Minimum permission for user to grant execute on a stored procedure they created

  • I don't see a huge security issue with a separate schema.  Thus, I don't see why this would necessarily fail an audit.  That seems to be an overly broad claim.

    I have separate dbs that specific power owners have full read, write and ddladmin to (but no db level permissions, i.e., they can't directly backup the db, drop the db, add users, etc.), and we pass an audit every year.

    SQL DBA,SQL Server MVP(07, 08, 09) A socialist is someone who will give you the shirt off *someone else's* back.

  • Jeffrey Williams wrote:

    @scottpletcher & @JeffModen:

    You both are assuming an environment where there is a dev/test/uat/prod set up.  Not saying the OP doesn't have that - but there are environments where that isn't the case, especially when looking at BI environments (ie data warehouse/reporting).  In those environments it is typical to create a 'reporting' database where 'developers' (e.g. business analysts) write queries to support reporting requirements.

    In those types of environments - I find setting up a separate database for the 'developers' where they can create what is needed to support reporting while granting read access to the 'production' data is the better option.  Of course, on my systems the 'production' data is a read-only copy available either through a read-only secondary or through a backup/restore process.

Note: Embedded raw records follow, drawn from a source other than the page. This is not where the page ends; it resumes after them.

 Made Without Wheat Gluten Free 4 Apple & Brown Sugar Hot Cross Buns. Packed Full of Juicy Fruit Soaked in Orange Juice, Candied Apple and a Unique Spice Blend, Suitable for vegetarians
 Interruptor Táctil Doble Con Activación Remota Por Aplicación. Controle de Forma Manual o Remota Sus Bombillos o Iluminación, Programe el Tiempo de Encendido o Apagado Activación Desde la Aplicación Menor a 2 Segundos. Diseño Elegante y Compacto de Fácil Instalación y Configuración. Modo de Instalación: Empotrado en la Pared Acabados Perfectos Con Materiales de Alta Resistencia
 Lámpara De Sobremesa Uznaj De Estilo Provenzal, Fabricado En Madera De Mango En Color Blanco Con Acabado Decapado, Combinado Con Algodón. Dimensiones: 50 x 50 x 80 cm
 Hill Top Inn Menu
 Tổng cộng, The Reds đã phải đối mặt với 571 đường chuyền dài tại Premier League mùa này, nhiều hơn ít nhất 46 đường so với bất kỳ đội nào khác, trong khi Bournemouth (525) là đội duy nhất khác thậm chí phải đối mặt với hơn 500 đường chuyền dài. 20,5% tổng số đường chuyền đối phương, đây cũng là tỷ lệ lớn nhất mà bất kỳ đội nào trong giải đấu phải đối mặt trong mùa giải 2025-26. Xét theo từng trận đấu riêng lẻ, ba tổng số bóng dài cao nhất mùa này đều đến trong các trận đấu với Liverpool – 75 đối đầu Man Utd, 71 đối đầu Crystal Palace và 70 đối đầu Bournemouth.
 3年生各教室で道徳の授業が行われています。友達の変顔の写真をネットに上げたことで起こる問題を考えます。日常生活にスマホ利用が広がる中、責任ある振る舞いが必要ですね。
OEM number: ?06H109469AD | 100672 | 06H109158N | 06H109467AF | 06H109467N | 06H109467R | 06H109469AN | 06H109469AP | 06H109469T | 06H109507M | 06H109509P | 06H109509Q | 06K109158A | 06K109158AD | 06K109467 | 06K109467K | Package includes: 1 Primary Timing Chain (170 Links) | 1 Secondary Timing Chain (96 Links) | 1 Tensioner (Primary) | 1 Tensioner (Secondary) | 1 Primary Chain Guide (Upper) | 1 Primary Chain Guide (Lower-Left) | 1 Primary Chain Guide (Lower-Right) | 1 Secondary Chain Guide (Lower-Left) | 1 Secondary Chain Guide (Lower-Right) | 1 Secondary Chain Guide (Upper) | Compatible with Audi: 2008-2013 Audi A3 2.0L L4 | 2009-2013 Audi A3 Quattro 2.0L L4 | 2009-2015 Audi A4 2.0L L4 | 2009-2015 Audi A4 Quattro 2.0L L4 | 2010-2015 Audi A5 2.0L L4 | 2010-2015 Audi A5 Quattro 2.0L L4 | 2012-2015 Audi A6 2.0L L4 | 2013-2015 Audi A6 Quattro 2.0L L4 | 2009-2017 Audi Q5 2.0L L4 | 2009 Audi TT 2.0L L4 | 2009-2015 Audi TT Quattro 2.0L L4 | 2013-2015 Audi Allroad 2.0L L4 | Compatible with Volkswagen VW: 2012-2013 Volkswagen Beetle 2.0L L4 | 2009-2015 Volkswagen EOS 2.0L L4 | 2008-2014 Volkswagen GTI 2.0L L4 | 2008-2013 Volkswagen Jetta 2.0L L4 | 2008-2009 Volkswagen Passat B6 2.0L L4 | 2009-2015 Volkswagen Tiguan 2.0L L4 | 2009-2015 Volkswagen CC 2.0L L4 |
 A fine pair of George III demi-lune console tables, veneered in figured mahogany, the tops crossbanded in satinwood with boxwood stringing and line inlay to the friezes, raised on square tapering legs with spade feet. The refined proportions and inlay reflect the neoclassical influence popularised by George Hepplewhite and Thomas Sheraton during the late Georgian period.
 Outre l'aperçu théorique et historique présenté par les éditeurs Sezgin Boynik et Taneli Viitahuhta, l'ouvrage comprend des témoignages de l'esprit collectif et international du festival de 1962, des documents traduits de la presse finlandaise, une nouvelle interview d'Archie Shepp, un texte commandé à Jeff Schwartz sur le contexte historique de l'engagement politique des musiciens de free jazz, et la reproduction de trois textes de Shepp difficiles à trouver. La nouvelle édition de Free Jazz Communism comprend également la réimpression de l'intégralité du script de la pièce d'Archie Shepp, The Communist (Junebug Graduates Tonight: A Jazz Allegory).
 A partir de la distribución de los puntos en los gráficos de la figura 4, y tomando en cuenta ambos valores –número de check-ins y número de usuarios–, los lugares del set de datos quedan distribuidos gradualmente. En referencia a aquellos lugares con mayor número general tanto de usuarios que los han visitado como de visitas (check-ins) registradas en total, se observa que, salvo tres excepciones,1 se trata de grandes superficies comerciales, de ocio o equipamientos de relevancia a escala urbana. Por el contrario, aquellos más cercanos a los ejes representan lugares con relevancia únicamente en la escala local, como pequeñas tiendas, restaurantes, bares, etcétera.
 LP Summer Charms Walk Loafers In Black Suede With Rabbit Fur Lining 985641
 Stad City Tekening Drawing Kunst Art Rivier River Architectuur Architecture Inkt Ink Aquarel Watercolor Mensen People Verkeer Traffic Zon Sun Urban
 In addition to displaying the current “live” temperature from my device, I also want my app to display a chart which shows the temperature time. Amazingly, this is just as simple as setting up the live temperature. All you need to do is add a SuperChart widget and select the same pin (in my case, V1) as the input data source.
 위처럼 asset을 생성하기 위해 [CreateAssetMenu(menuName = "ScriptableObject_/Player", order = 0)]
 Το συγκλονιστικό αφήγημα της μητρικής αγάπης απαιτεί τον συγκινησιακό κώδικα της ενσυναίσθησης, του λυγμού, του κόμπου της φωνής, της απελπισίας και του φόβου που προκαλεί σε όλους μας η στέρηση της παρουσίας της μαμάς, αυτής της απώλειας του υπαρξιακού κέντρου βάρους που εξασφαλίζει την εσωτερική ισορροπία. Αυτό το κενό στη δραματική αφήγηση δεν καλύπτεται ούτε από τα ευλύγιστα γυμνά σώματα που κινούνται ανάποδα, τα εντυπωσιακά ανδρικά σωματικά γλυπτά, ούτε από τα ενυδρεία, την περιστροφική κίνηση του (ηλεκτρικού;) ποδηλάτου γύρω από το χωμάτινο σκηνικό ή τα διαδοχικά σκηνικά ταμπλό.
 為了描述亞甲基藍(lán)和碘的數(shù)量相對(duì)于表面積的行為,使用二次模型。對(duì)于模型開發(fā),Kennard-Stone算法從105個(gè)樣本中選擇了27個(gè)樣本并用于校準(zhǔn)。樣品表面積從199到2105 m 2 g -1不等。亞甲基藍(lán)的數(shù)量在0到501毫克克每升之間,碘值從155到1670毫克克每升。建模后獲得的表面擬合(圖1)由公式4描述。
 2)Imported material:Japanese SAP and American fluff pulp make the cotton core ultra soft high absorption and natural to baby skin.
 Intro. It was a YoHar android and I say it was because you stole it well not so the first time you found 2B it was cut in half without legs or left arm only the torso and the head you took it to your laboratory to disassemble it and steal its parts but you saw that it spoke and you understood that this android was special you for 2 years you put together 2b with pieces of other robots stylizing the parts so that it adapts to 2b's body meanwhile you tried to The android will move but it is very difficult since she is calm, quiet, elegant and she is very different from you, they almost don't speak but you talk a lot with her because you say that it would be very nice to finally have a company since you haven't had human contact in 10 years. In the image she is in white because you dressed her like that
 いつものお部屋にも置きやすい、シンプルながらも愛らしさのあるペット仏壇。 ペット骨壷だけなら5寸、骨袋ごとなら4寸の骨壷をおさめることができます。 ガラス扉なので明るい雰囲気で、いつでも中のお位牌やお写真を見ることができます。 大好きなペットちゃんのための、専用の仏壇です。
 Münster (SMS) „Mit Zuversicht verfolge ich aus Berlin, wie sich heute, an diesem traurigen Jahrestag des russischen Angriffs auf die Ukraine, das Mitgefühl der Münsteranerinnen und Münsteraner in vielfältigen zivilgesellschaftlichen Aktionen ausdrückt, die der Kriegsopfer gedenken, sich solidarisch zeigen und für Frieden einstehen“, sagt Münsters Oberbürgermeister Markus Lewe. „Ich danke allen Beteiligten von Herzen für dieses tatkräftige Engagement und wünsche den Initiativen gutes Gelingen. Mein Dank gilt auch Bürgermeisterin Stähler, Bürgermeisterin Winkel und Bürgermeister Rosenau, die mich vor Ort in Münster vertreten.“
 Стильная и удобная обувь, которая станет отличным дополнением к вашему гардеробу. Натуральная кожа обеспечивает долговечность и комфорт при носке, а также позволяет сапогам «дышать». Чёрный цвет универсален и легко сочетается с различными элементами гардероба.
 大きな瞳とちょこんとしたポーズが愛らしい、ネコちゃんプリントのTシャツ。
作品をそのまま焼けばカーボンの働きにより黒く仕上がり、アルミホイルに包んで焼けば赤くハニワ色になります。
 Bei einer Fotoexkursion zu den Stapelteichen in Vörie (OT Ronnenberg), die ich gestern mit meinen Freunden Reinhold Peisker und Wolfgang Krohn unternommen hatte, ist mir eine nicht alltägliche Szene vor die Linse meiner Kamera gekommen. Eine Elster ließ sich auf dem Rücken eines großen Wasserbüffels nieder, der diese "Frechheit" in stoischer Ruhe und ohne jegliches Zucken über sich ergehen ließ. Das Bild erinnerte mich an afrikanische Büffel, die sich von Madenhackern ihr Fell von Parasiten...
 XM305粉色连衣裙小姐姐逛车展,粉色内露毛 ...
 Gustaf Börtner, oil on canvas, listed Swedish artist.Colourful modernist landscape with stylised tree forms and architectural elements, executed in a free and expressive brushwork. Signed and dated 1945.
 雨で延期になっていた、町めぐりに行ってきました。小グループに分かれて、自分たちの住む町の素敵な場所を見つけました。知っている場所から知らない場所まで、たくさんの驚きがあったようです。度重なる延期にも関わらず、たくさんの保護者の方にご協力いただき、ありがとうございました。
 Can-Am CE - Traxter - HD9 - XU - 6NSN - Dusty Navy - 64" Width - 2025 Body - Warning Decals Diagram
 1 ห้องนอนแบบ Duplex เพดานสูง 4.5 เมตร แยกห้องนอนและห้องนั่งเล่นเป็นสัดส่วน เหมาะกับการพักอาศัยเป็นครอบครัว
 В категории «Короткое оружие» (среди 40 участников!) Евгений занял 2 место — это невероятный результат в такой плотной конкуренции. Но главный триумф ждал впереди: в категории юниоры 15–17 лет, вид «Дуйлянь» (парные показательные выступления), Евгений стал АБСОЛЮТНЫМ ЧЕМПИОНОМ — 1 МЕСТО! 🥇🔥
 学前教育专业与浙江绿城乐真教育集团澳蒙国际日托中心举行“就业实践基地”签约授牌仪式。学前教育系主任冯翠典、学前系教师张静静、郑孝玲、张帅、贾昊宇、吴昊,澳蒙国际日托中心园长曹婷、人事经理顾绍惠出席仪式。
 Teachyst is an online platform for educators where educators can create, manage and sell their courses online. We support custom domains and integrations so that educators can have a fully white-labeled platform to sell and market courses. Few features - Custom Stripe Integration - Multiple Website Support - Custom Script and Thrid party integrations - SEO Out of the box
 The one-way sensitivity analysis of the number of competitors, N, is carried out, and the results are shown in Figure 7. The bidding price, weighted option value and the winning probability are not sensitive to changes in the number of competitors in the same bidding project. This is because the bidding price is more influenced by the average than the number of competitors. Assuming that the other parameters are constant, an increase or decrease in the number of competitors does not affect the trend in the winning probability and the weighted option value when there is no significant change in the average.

    In a true development environment - then I agree, developers would never have access to production and more or less open access to a development environment.  And a deployment process that moves changes into a higher environment with code review and sign-off prior to approving the move.

    That's fine and dandy and totally true and a couple of other nice terms but, it actually doesn't have anything to do with what I'm talking about.  Even in such an environment as you speak, why do Developers or End Users need to have enough privs to grant access to others for stored procedures and the like?  They don't.  There still needs to be a central authority that determines the viability of the code, whether it meets requirements not, and controls when something is "released" for access and by whom .

    --Jeff Moden


    RBAR is pronounced "ree-bar" and is a "Modenism" for Row-By-Agonizing-Row.
    First step towards the paradigm shift of writing Set Based code:
    ________Stop thinking about what you want to do to a ROW... think, instead, of what you want to do to a COLUMN.

    Change is inevitable... Change for the better is not.


    Helpful Links:
    How to post code problems
    How to Post Performance Problems
    Create a Tally Function (fnTally)

  • I think a separate schema(s) is a valid approach.  Indeed, it has some advantages.  For one, the developer-created objects are in the db to which they apply.  If you create only a single db, a "developer db", with all objects, then objects in that db could point to any of the other dbs (hundreds of them, in our case).  If that db then needs to move somewhere [cloud, new instance, wherever], for whatever reason, it can very difficult to find all linking objects if they're not already in the db to be moved.

    SQL DBA,SQL Server MVP(07, 08, 09) A socialist is someone who will give you the shirt off *someone else's* back.